(Beginning of SUPPLIED DATA)

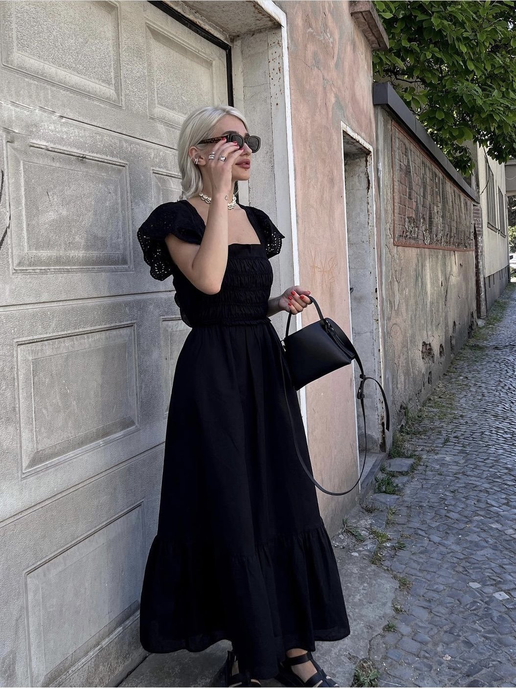 Charming princess sleeves add a romantic, sophisticated touch to the classic black style
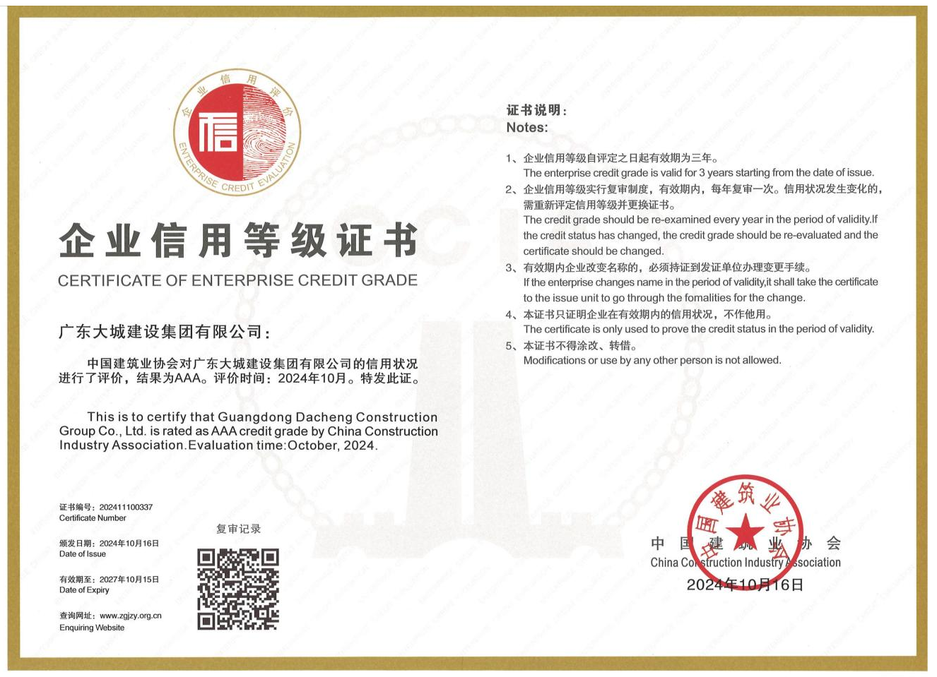詳細...我司榮獲全國“建筑業AAA級信用企業”稱號
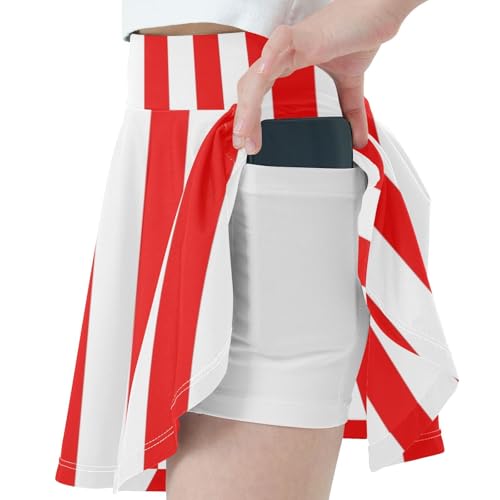 Red White Stripes Girls Athletic Skorts Flowy Golf Tennis Skirts with Shorts & Pocket 6
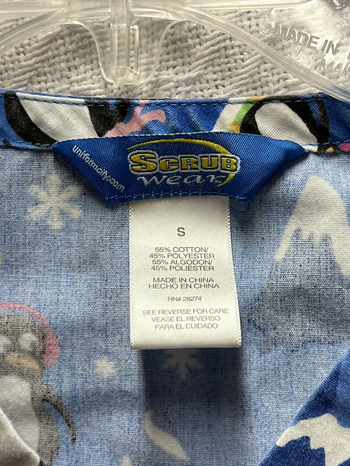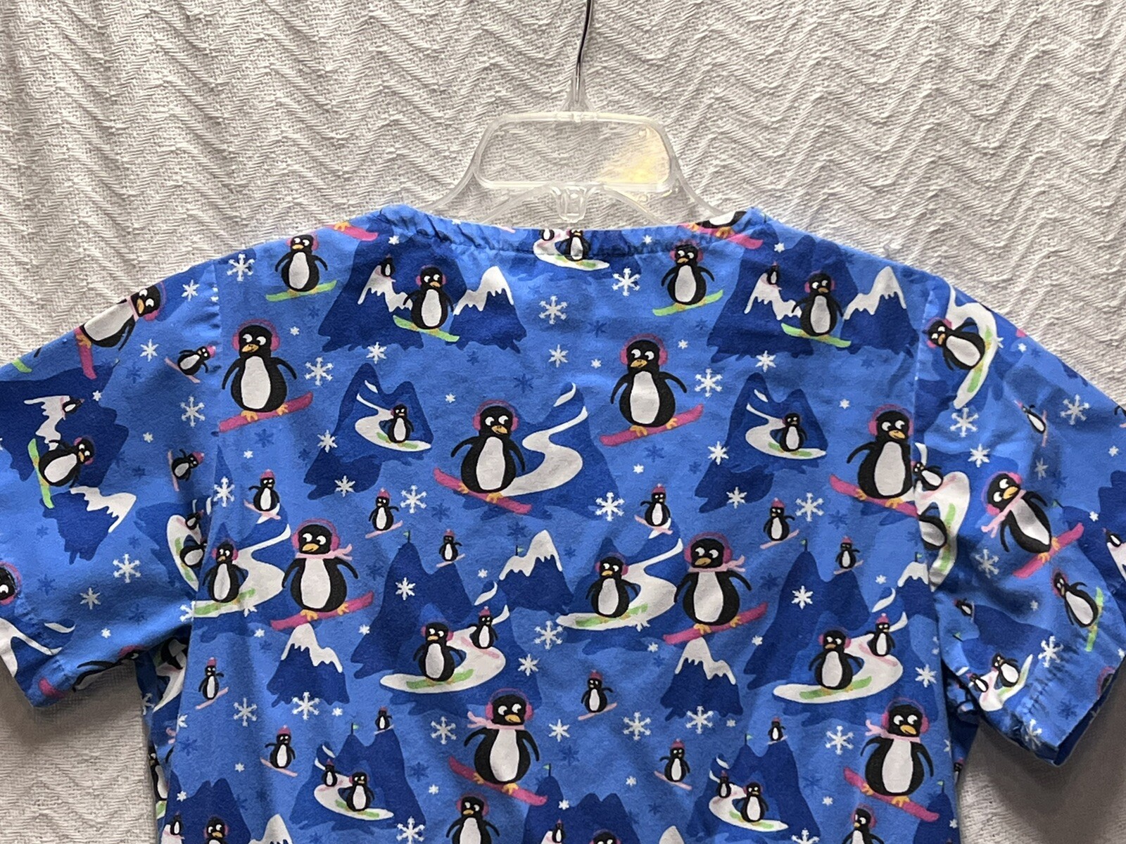 Scrub Wear Penguin Pattern Size Small Multicolored Scrub Top

(End of SUPPLIED DATA)

[WHAT TO PRODUCE]: Since pictures are not part of the copy, set down only the remaining data exactly.

[EXERCISE RESULT]:
 Charming princess sleeves add a romantic, sophisticated touch to the classic black style
詳細...我司榮獲全國“建筑業AAA級信用企業”稱號
 Red White Stripes Girls Athletic Skorts Flowy Golf Tennis Skirts with Shorts & Pocket 6
 Scrub Wear Penguin Pattern Size Small Multicolored Scrub Top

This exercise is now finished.